- **Data extract**:
------------------------------

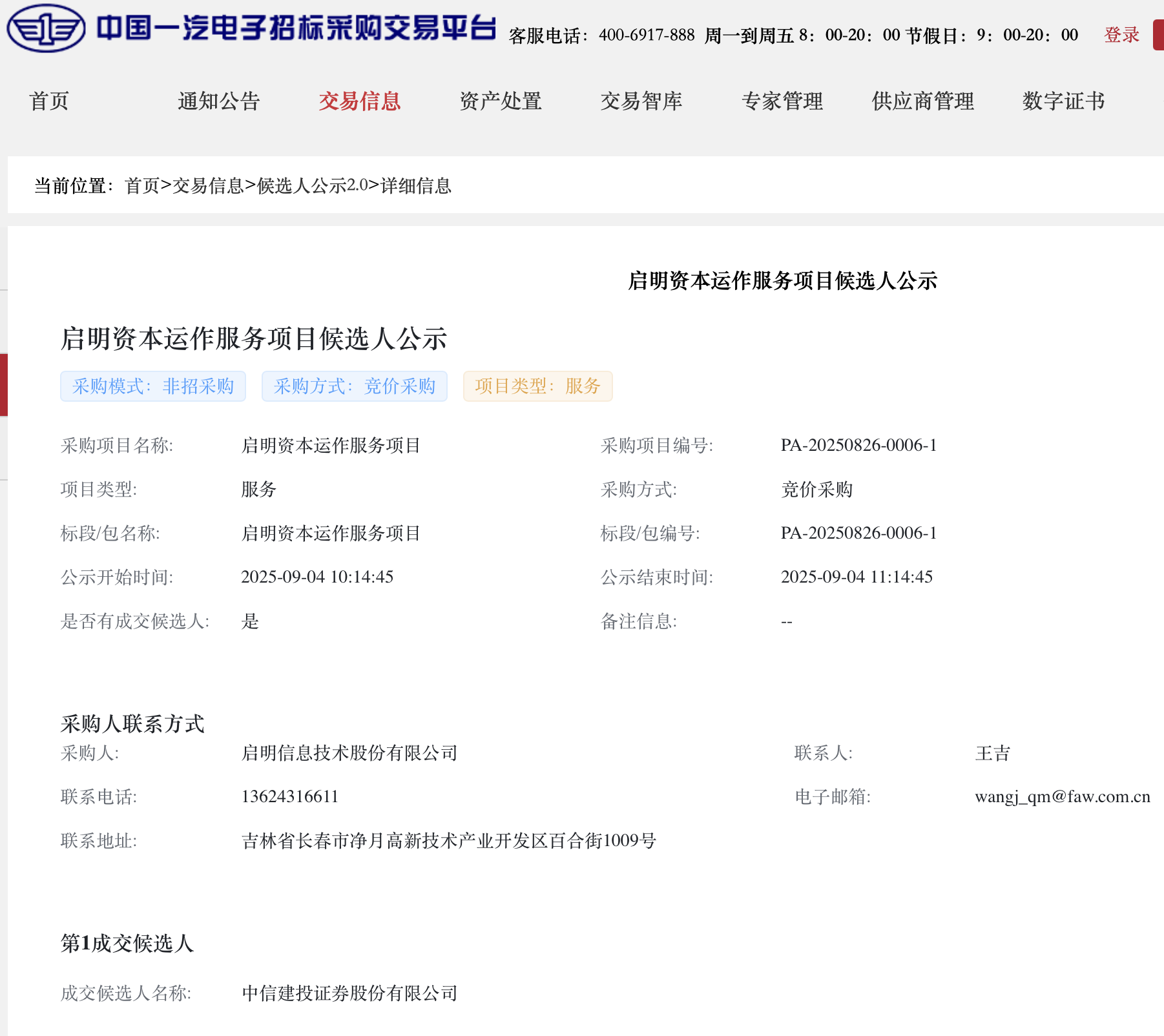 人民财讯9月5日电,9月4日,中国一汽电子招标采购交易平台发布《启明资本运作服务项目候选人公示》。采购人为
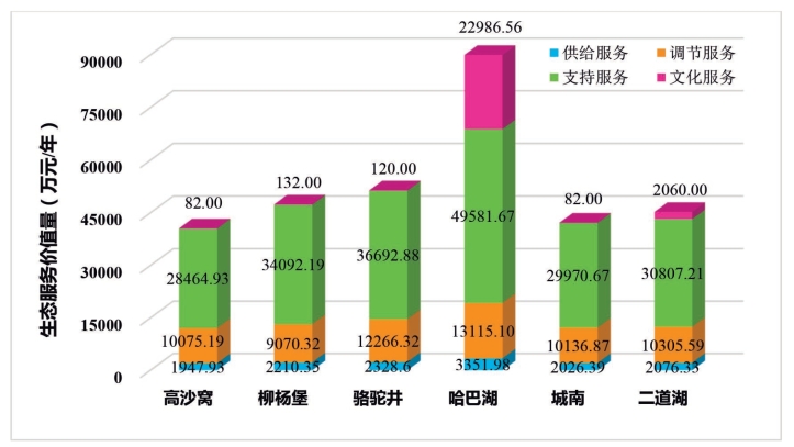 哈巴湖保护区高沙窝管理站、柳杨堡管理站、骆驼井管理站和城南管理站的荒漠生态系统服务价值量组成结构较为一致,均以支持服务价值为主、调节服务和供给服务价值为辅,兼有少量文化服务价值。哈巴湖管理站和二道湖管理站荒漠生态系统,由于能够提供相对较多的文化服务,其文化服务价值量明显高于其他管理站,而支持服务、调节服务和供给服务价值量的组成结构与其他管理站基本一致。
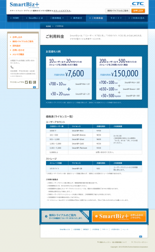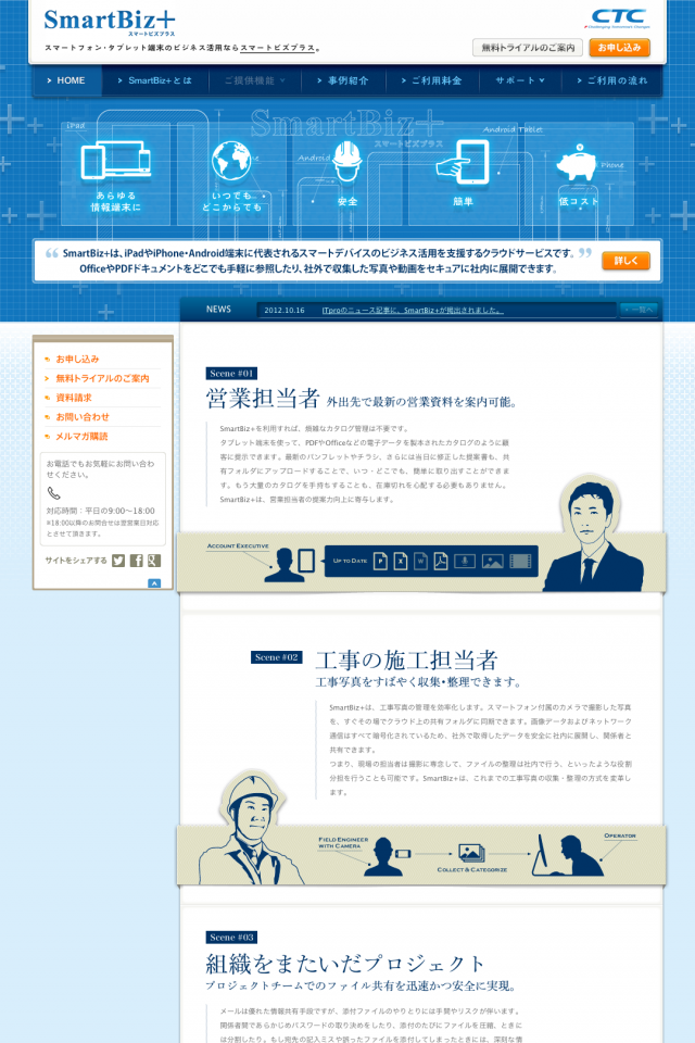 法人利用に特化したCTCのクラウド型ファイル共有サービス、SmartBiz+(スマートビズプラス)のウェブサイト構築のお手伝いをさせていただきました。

------------------------------

- **Exercise directions**:
Copy the listing above exactly, minus the pictures.

- **Result of this task**:
 人民财讯9月5日电,9月4日,中国一汽电子招标采购交易平台发布《启明资本运作服务项目候选人公示》。采购人为
 哈巴湖保护区高沙窝管理站、柳杨堡管理站、骆驼井管理站和城南管理站的荒漠生态系统服务价值量组成结构较为一致,均以支持服务价值为主、调节服务和供给服务价值为辅,兼有少量文化服务价值。哈巴湖管理站和二道湖管理站荒漠生态系统,由于能够提供相对较多的文化服务,其文化服务价值量明显高于其他管理站,而支持服务、调节服务和供给服务价值量的组成结构与其他管理站基本一致。
 法人利用に特化したCTCのクラウド型ファイル共有サービス、SmartBiz+(スマートビズプラス)のウェブサイト構築のお手伝いをさせていただきました。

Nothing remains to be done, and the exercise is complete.